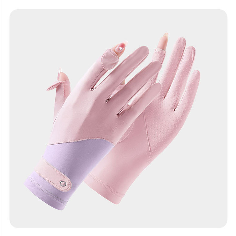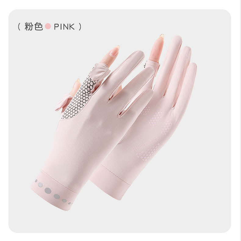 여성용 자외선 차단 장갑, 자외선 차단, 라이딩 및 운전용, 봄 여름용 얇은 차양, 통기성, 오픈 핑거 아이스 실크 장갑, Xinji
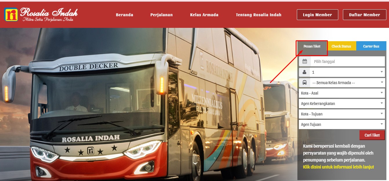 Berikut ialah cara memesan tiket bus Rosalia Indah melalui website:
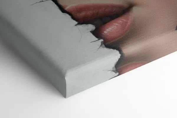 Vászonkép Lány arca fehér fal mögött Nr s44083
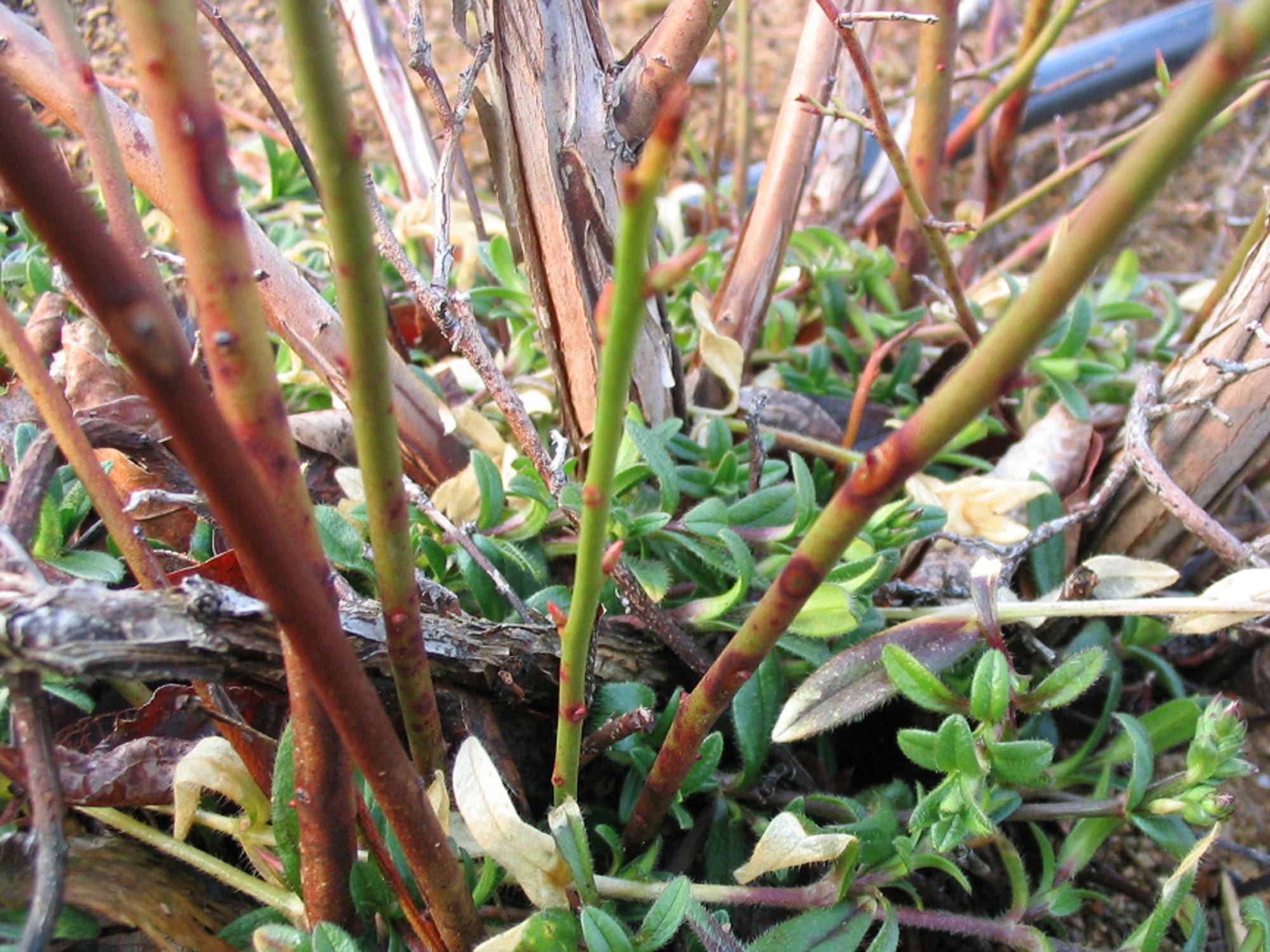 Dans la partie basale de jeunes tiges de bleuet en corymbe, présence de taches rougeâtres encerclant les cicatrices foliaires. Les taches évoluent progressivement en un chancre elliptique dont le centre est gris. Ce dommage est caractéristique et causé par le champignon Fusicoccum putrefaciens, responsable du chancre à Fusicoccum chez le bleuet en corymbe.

^^^^^^^^^^^^^^^^

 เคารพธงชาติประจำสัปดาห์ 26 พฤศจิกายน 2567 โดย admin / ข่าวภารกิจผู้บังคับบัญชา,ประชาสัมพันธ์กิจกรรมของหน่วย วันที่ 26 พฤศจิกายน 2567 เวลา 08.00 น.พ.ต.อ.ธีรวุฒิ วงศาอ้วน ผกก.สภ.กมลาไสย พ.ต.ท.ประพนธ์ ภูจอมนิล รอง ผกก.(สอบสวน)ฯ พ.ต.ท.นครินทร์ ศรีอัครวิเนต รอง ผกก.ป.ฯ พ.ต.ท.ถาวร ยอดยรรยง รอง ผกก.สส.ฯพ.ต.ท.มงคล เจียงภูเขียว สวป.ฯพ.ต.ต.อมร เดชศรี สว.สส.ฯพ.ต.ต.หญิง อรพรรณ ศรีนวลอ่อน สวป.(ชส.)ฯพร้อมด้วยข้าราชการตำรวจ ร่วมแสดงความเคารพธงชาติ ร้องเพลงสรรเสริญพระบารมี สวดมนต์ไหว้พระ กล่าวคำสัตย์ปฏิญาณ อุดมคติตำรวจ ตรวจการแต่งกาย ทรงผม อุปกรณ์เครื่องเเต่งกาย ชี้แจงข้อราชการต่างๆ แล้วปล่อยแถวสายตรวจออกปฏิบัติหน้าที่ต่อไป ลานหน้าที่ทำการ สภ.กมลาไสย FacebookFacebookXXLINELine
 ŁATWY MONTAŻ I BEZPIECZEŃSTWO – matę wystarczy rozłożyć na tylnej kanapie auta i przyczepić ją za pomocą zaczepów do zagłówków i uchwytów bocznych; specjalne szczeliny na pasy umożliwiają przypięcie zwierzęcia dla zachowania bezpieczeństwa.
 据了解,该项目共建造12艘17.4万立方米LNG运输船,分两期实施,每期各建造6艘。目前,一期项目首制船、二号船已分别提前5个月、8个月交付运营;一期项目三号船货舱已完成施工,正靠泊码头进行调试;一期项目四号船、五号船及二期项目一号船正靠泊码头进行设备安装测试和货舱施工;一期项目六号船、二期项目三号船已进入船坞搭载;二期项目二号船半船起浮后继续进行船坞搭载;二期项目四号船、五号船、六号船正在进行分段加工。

^^^^^^^^^^^^^^^^

§ **Instructions to follow**
Copy exactly the lines of the entries above from the one containing "Vászonkép Lány arca" through the one containing "Dans la partie". Both end lines count; pictures do not.

§ **Answer for this exercise**
 Vászonkép Lány arca fehér fal mögött Nr s44083
 Dans la partie basale de jeunes tiges de bleuet en corymbe, présence de taches rougeâtres encerclant les cicatrices foliaires. Les taches évoluent progressivement en un chancre elliptique dont le centre est gris. Ce dommage est caractéristique et causé par le champignon Fusicoccum putrefaciens, responsable du chancre à Fusicoccum chez le bleuet en corymbe.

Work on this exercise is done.